Een onschuldige kalverliefde leidt tot een ongewenste zwangerschap. Hikari, een veertienjarig schoolmeisje uit Nara, staat onder druk om haar kind voor adoptie af te staan. Vijfhonderd kilometer verder, in Tokyo, lukt het Satoko maar niet om zwanger te worden. Haar echtgenoot Kiyokazu is wanhopig. Hij worstelt met schuldgevoelens omdat hij niet kan beantwoorden aan de traditionele waarden. Wat voor een echtgenoot is hij als hij zijn vrouw geen kind kan schenken? Dit drijft hem zo ver dat hij de scheiding aanvraagt. Het koppel maakt kennis met ‘Baby Baton’, een organisatie die ongewenst zwangere vrouwen opvangt en adoptieouders zoekt voor hun kinderen. De puzzelstukken vallen op hun plaats: ze adopteren de jongen Asato, de baby van Hikari.

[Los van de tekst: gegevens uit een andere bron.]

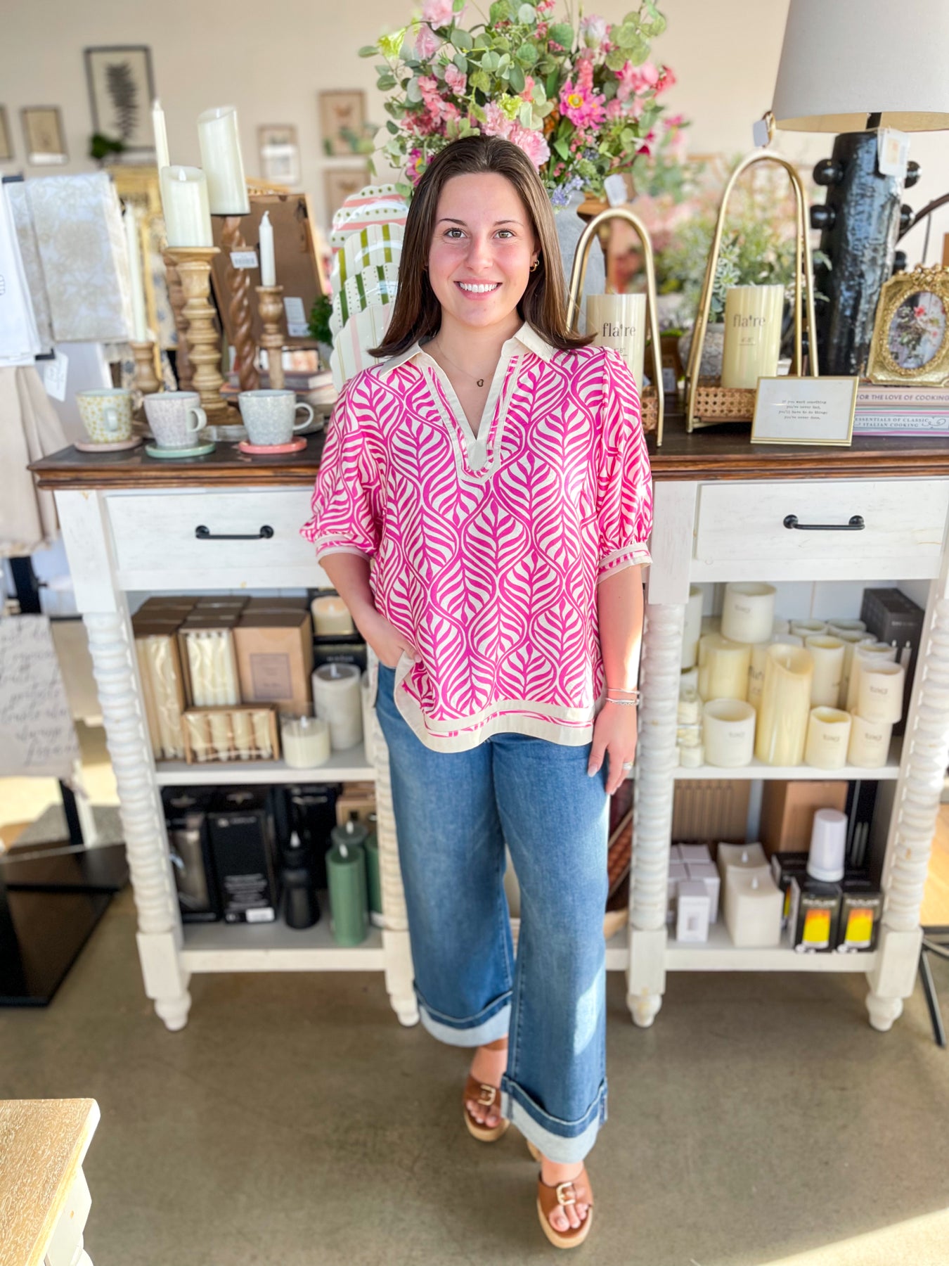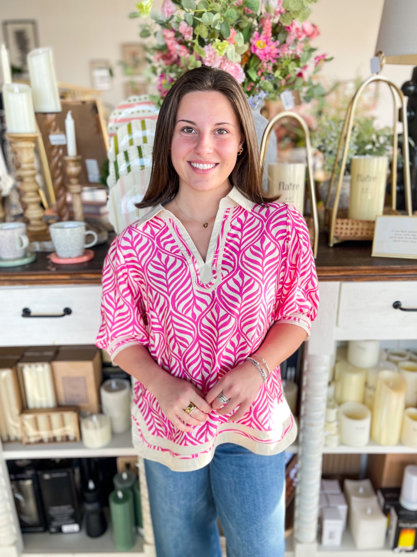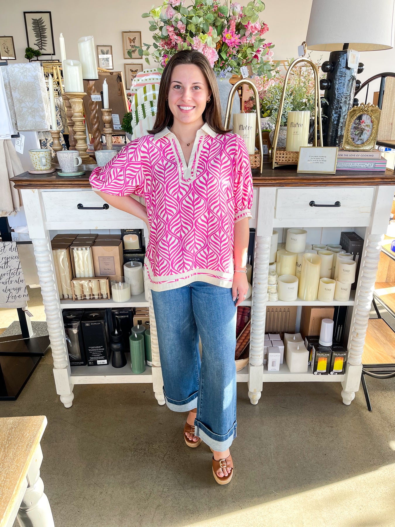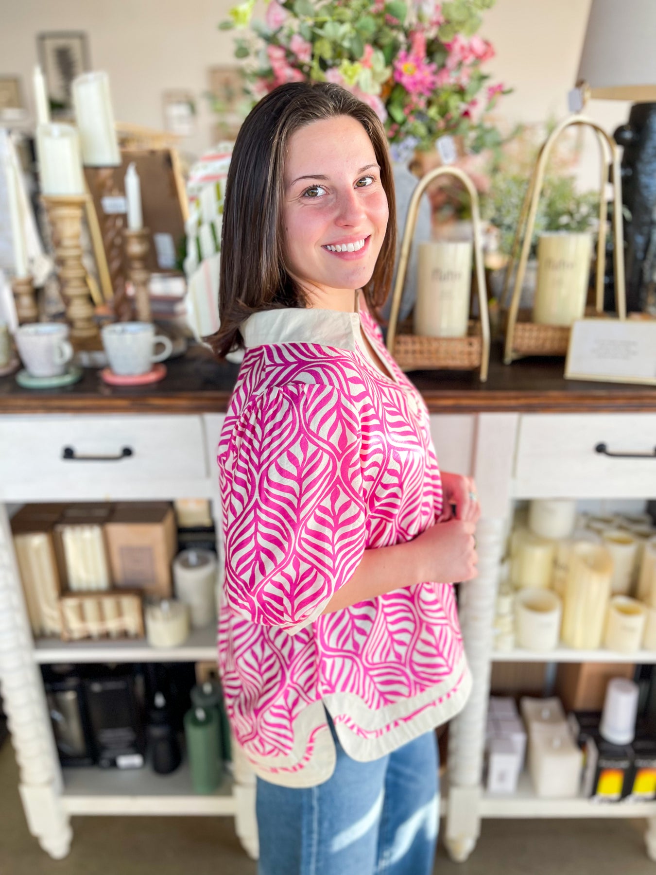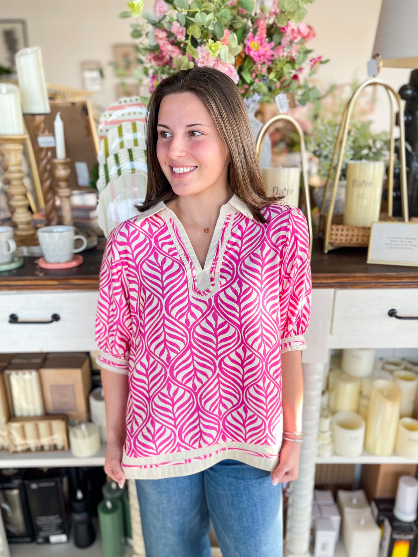 Slip into effortless vacation vibes with this Umgee Peony Reed Dress. Featuring a stunning pink and cream geometric print that catches every eye, it's designed to turn heads from resort to dinner. The flattering v-neckline and loose fit offer comfort without compromise, while the chic side slit adds just the right amount of movement and flair. That charming collar detail? Pure trendy perfection. Pack this one for your next getaway—it's the dress that does it all.

Satoko en Kiyokazu genieten van hun gezinsgeluk tot Hikari jaren later – Asato is al een kleuter – bij hen op de stoep staat. De vrouw met gebleekte haren en schreeuwerige bomberjack die haar kind óf geld eist, lijkt helemaal niet meer op de onzekere veertienjarige die haar kind afstond. Satoko en Kiyokazu geloven hun ogen niet. Staat Asato’s biologische moeder voor hen, of hebben ze te maken met een oplichtster die uit is op een smak geld?
Regisseur Naomi Kawase verfilmde de roman van de Japanse schrijver Mizuki Tsujimura in lyrische, zonovergoten beelden en gevoelige scènes. Door flashbacks kijken we naar de liefde van een biologische- en een adoptiemoeder voor hun kind. Beiden zijn “echte moeders”.